Wie die beteiligten Kommunen, darunter New York und New Orleans, am Sonntag (Ortszeit) mitteilten, wollen sie dazu an einem Messverfahren des Carbon Disclosure Projects (CDP) teilnehmen. Die 2000 in London gegründete Initiative setzt sich für mehr Transparenz bei CO2-Emissionen ein.
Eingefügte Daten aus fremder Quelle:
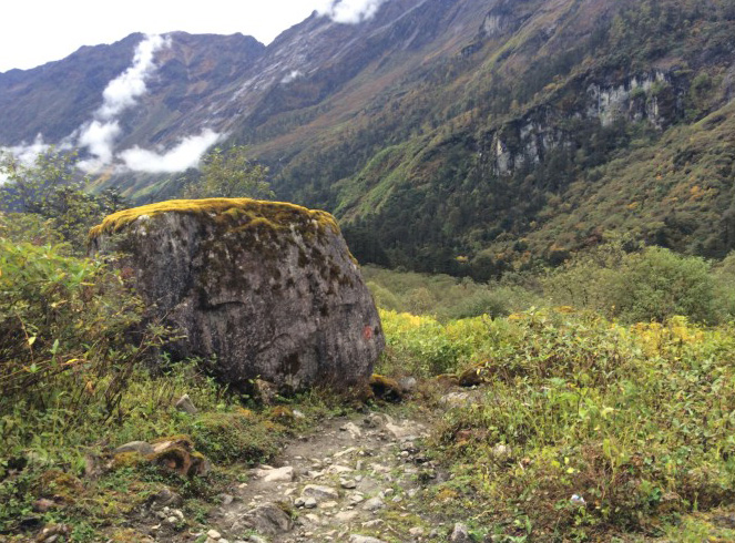 接下來順江而下的兩三個小時的路略微好走些,雖然布滿碎石斷巖,稍微不慎就會絆倒滑摔,但比起在冰天雪地、刺心寒凍的雪風雪雨中行走這已經是無比的輕松了。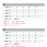 レッスンスケジュール2月・3月

Bisher beteiligten sich den Angaben zufolge weltweit 1.300 Unternehmen freiwillig an dem Verzeichnis.

Proteste gegen Bush
"Über 70 Prozent der weltweiten Emissionen werden von Städten verursacht", sagte CDP-Chef Paul Dickinson. Um die Emissionen zu regulieren, müssten sie zunächst gemessen werden. Die 21 teilnehmenden Kommunen wollen ihren Ausstoß von klimaschädlichem Kohlendioxid (CO2) und anderen Treibhausgasen daher künftig berechnen und vergleichen.

Mit diesem Schritt folgen sie dem Beispiel mehrerer US-Bundesstaaten, die sich ohne Rückendeckung aus Washington zum Klimaschutz verpflichtet haben. Die Regierung von Präsident George W. Bush lehnt verpflichtende Klimaziele grundsätzlich ab.